- **YOUR INSTRUCTIONS**: Give the lines again exactly as they appear below, from the line with "1997-98 Fleer Tiffany" to the line with "正面,可以看到三包聖誕款的 VIA 咖啡。", both included, and only those lines. Leave every picture out.

- **DATA FOR THE TASK**:
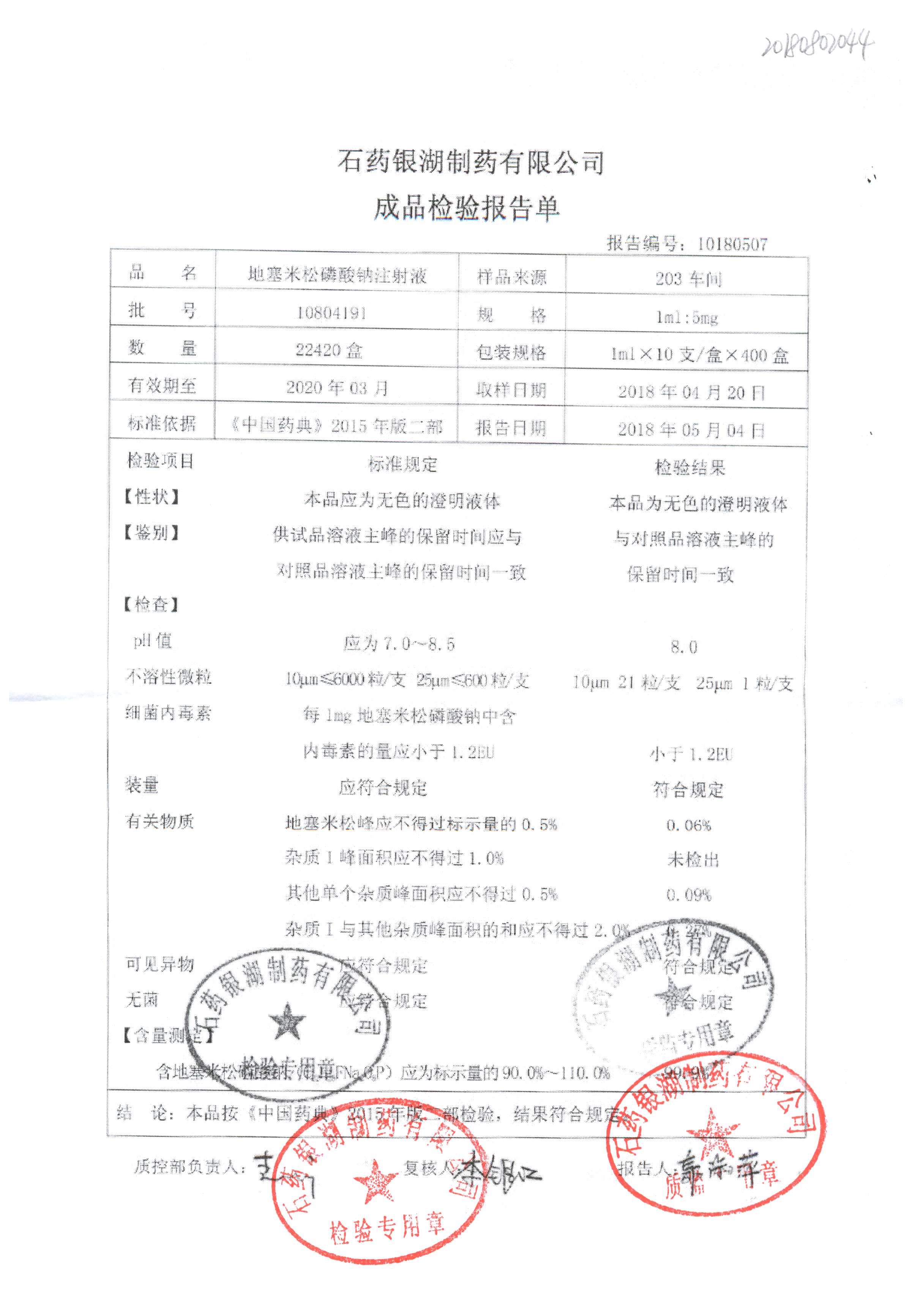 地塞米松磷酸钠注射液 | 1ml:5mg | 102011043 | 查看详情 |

...

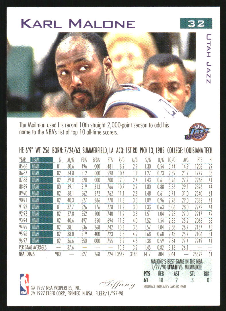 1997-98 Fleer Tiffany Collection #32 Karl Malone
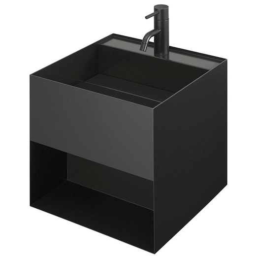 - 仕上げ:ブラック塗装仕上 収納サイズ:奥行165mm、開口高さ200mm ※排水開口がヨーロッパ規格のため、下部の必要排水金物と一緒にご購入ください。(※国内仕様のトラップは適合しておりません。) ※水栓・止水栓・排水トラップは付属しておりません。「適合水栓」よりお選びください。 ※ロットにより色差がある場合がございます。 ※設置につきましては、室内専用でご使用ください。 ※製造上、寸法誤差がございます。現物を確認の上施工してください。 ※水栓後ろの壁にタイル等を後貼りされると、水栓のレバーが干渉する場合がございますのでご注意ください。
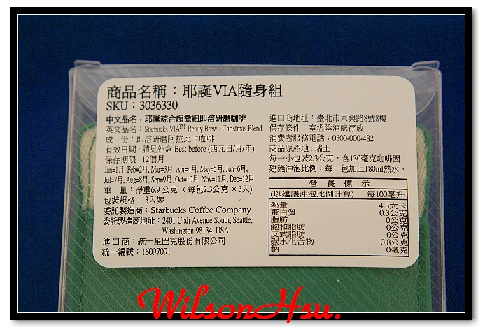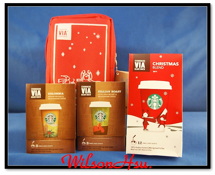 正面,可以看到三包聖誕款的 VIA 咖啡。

* * *

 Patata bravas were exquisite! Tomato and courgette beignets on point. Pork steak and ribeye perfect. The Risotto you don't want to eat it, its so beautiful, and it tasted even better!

- **WRITTEN ANSWER**:
 1997-98 Fleer Tiffany Collection #32 Karl Malone
 - 仕上げ:ブラック塗装仕上 収納サイズ:奥行165mm、開口高さ200mm ※排水開口がヨーロッパ規格のため、下部の必要排水金物と一緒にご購入ください。(※国内仕様のトラップは適合しておりません。) ※水栓・止水栓・排水トラップは付属しておりません。「適合水栓」よりお選びください。 ※ロットにより色差がある場合がございます。 ※設置につきましては、室内専用でご使用ください。 ※製造上、寸法誤差がございます。現物を確認の上施工してください。 ※水栓後ろの壁にタイル等を後貼りされると、水栓のレバーが干渉する場合がございますのでご注意ください。
 正面,可以看到三包聖誕款的 VIA 咖啡。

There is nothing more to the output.